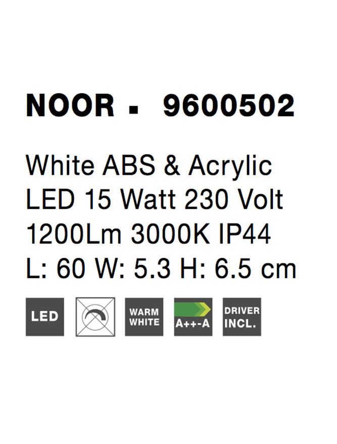 Срок на доставка: ПО ЗАПИТВАНЕ Продуктова информация Материал: White ABS & Acrylic Тип крушка: LED 15W 230V 1200Lm 3000K IP44 Код: 9600502 Тип продукт: BATHROOM Размери: L: 60 W: 5.3 H: 6.5 cm
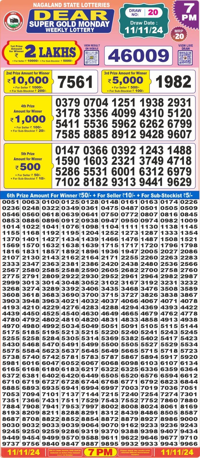 Dear dwarka monday Weekly 1pm result 11-11-24
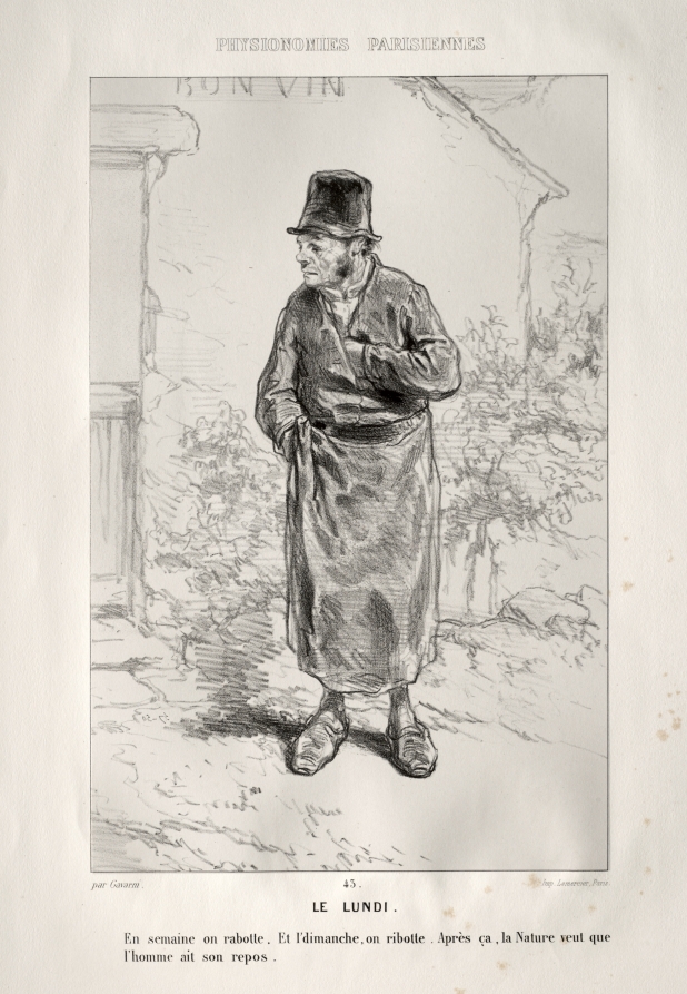 Capturing the particular atmosphere of Monday mornings, the work exemplifies Gavarni's genius for finding universal human experiences in specific temporal moments.
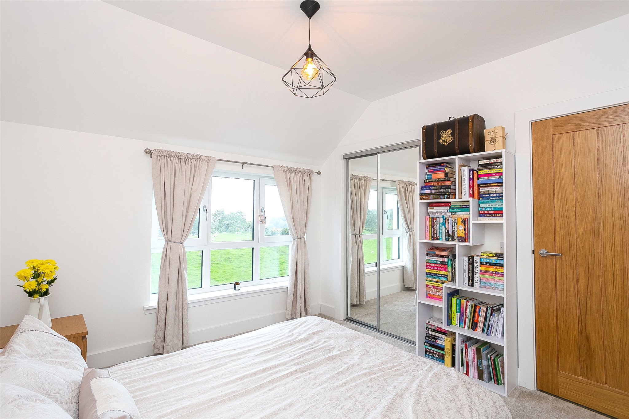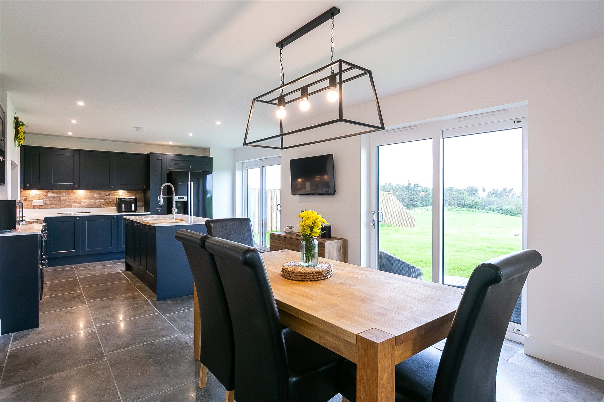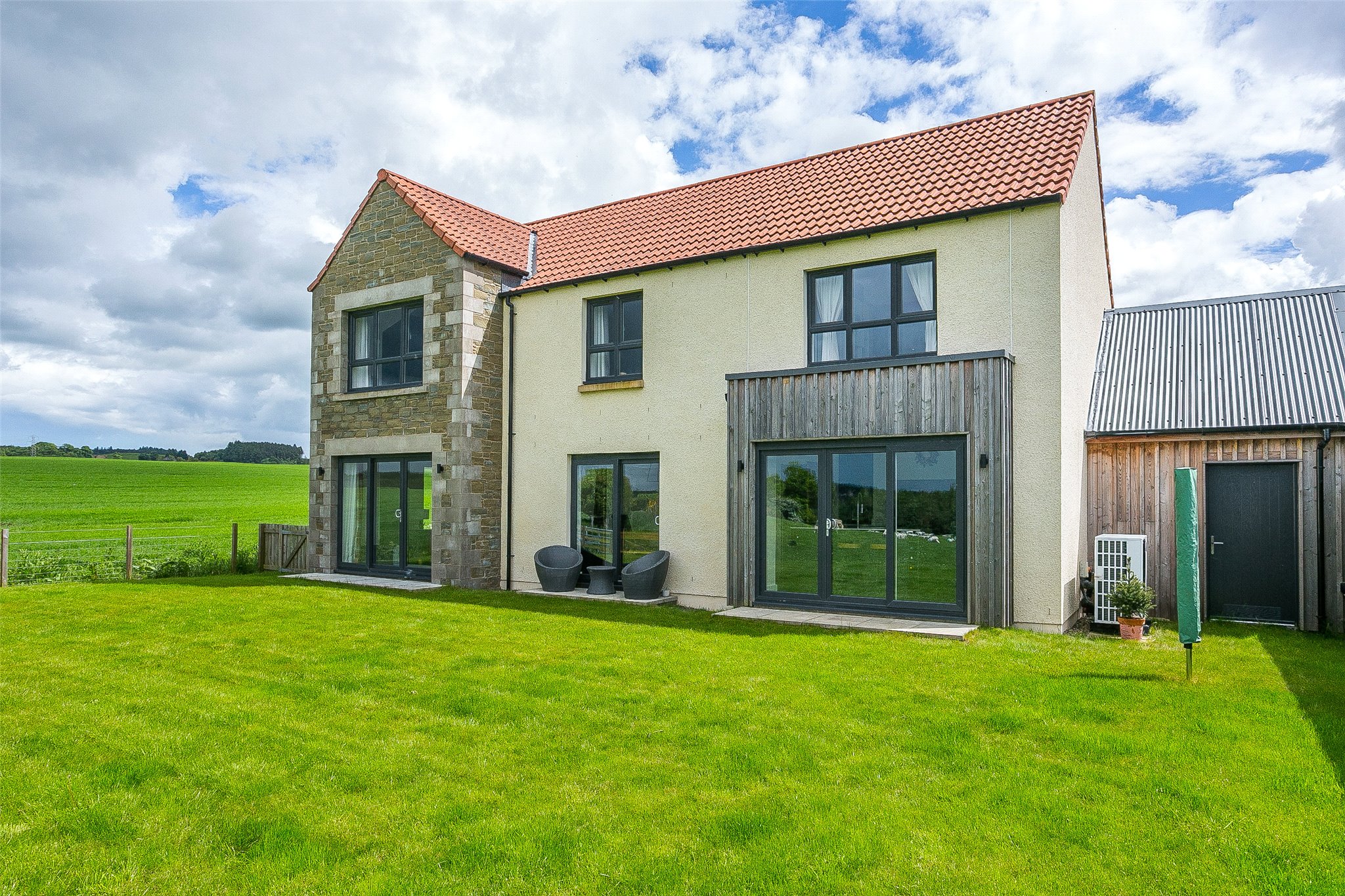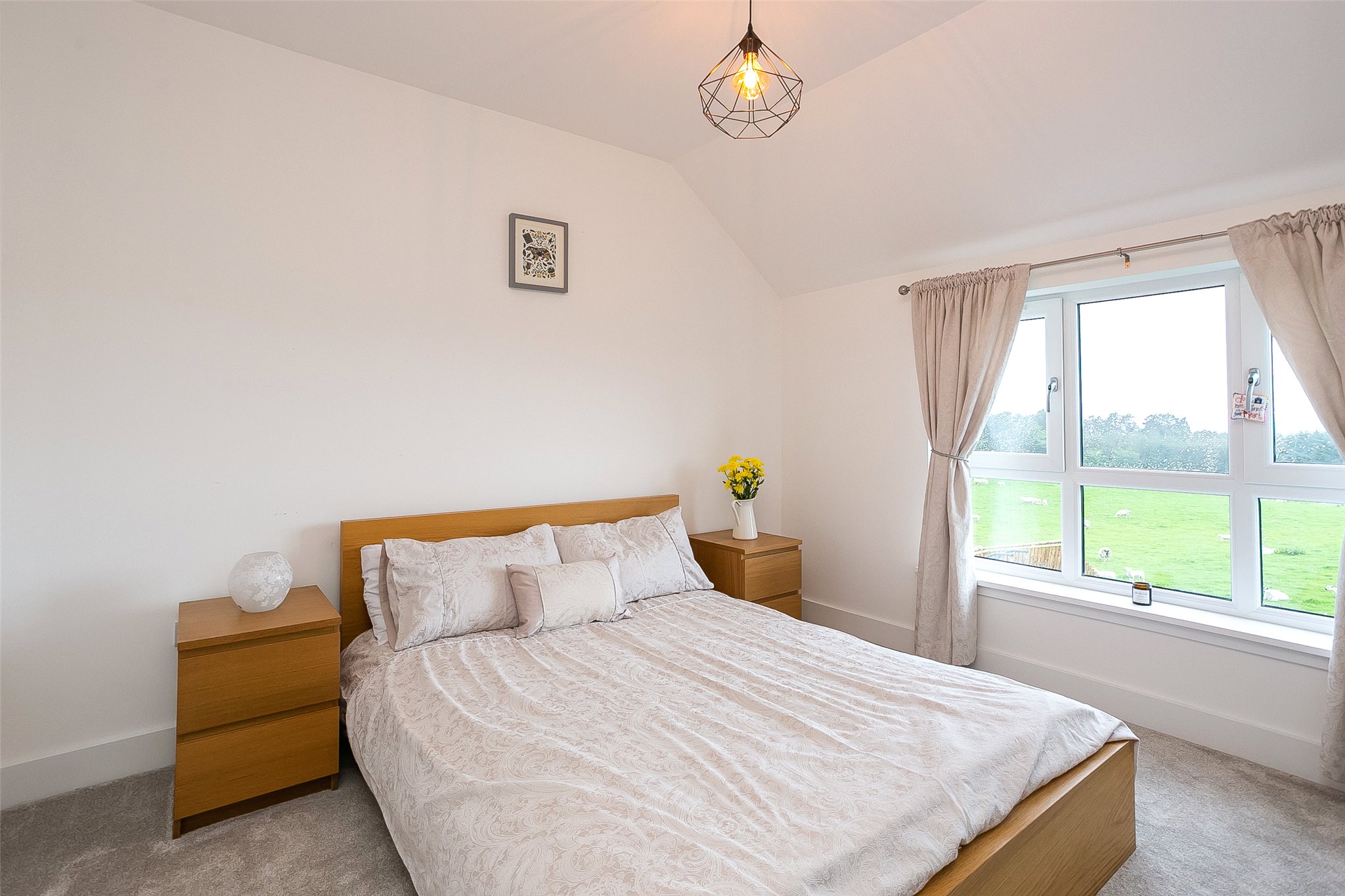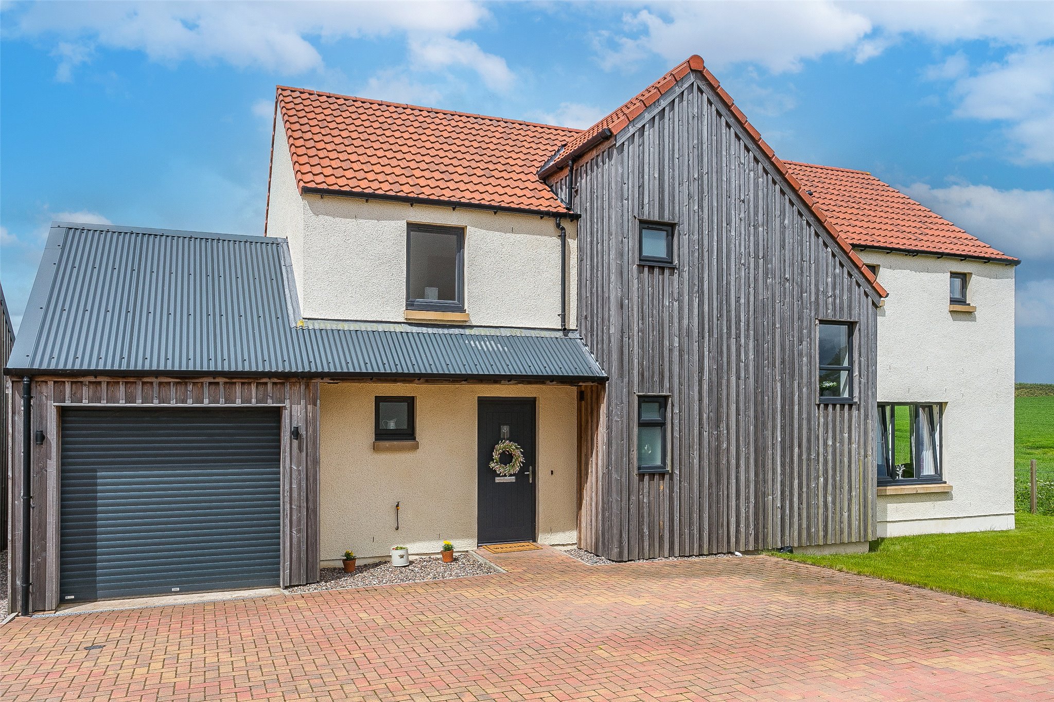 Surrounded by rolling countryside, this outstanding bespoke detached four-bedroom home in an exclusive and peaceful hamlet offers a superb opportunity to enjoy rural living while remaining within easy reach of Glenrothes. A driveway flanking the lush lawn leads to the front door and into a welcoming entrance hall off which lies a utility offering garden access and a stylish monochrome shower room. From here a central reception hall ushers you into a generously proportioned living room showcasing breathtaking views. Triple aspect with sliding doors opening to the rear garden it is a spectacular space. Exuding a warm and comfortable ambience the décor includes black tumbled limestone floor tiling and a brick mantle. Adjoining and accessed through sliding oak barn doors as well as from the reception hall, is a beautifully appointed and light-filled dining kitchen opening to the garden. The custom-made contemporary kitchen showcases wall and floor cabinetry in a sophisticated blue complemented by under-base-lit quartz worktops, a brick splashback, and high-spec integrated appliances including a range cooker and space for a American-style fridge/freezer. A kitchen island provides seating for two. Moving to the first floor, you arrive at the stunning principal bedroom. Decorated with plush carpeting and a statement accent wall and boasting a captivating aspect it is a wonderful retreat, enhanced further by a walk-in-wardrobe and en-suite shower room. Three additional double bedrooms each enjoying a scenic outlook and tasteful décor, feature built-in wardrobes and share access to a design-led bathroom with a hidden cistern WC, washbasin built into vanity, bath with rainfall shower, and chrome towel radiator. An attic provides additional storage. Underfloor heating and an air source pump heating system ensure the home is comfortable and energy-efficient year-round.
::::::::
■ **ABOUT THIS TASK**:
Leaving out the pictures, restate each line of the listing above verbatim, from the opening line to the line bearing "Capturing the particular", inclusive, and no more.

■ **RESPONSE BELOW**:
 Срок на доставка: ПО ЗАПИТВАНЕ Продуктова информация Материал: White ABS & Acrylic Тип крушка: LED 15W 230V 1200Lm 3000K IP44 Код: 9600502 Тип продукт: BATHROOM Размери: L: 60 W: 5.3 H: 6.5 cm
 Dear dwarka monday Weekly 1pm result 11-11-24
 Capturing the particular atmosphere of Monday mornings, the work exemplifies Gavarni's genius for finding universal human experiences in specific temporal moments.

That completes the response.